The dominant-negative p53 mutation Tyr163Cys is strongly associated with several types of cancer25 and can be corrected by a C→T conversion on the template strand (Extended Data Fig. 2), resulting in the translation of corrected protein even before the edited base is made permanent by DNA replication or DNA repair. We nucleofected a human breast cancer cell line homozygous for the p53 Tyr163Cys mutation (HCC1954 cells) with DNA encoding BE3 and an sgRNA programmed to correct Tyr163Cys. We observed correction of the Tyr163Cys mutation in 3.3–7.6% of nucleofected HCC1954 cells (Fig. 4b, Extended Data Fig. 8b, and Supplementary Table 7), with ≤ 0.7% indel formation. In contrast, treatment of cells with wild-type Cas9 and donor ssDNA resulted in no detectable TP53 correction (<0.1%) with 6.1–8.0% indels at the target locus (Fig. 4b and Extended Data Fig. 8b). These results collectively represent the correction of disease-associated point mutations in mammalian cell lines with an efficiency and lack of other genome modification events that may not be achievable using previously described methods. An additional 300–900 clinically relevant known human genetic diseases that in principle are correctable by the base editors described in this work are shown in Extended Data Fig. 9 and Supplementary Table 8 (see Supplementary Information).

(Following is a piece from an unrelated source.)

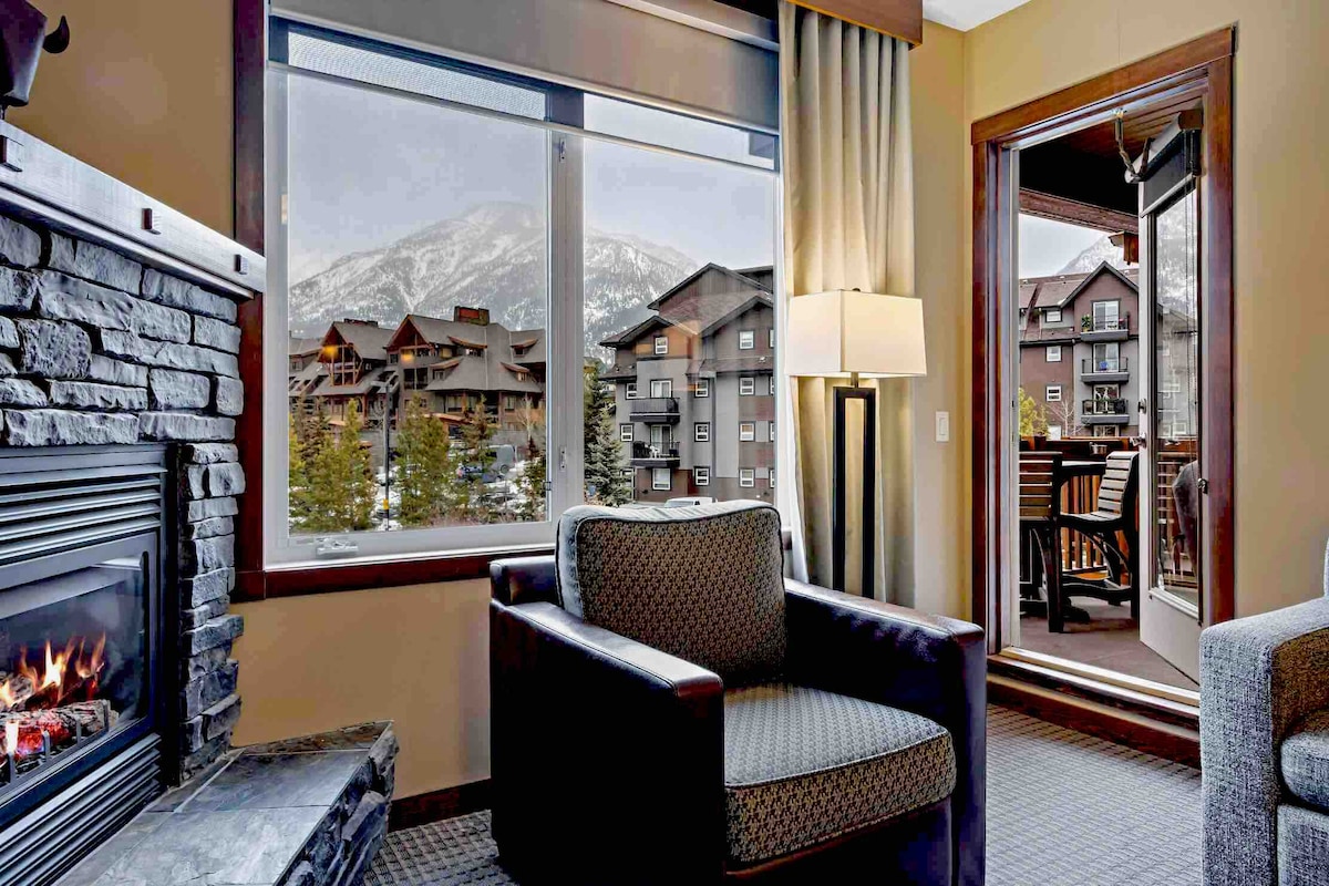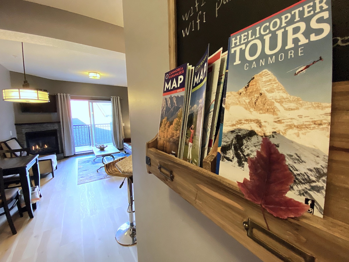 Com vista para a linda montanha Rochosa da varanda, quarto e sala de estar, este novo apartamento de um quarto reformado oferece todas as comodidades que você esperaria. O quarto tem uma cama king confortável. Na sala de estar, há um sofá-cama de alta qualidade para acomodar hóspedes extras. A lareira proporciona um ambiente acolhedor. Wi-Fi gratuito e TV inteligente com Amazon Prime Video e Shaw TV para o seu lazer. Cozinha totalmente equipada e banheira de imersão profunda com chuveiro podem fazer você se sentir em casa!

The development of base editing advances both the scope and effectiveness of genome editing. The base editors described here offer researchers a choice of editing with very little (<0.1%) indel formation (BE2), or more efficient editing with ≤1% indel formation (BE3). That the product of base editing is, by definition, no longer a substrate likely contributes to editing efficiency by preventing subsequent product transformation, which can hamper traditional Cas9 applications. By removing the reliance on dsDNA cleavage, donor templates, and stochastic DNA repair processes that vary by cell state and cell type, base editing has the potential to expand the type of genome modifications that can be cleanly installed, the efficiency of these modifications, and the type of cells that are amenable to editing. It is likely that engineered Cas9 variants26,27,28 or delivery methods29 that offer improved DNA specificity or altered PAM specificities30 can provide additional base editors with improved properties. These results also suggest architectures for the fusion of other DNA-modifying enzymes, including methylases and demethylases, that may enable additional types of programmable genome and epigenome base editing.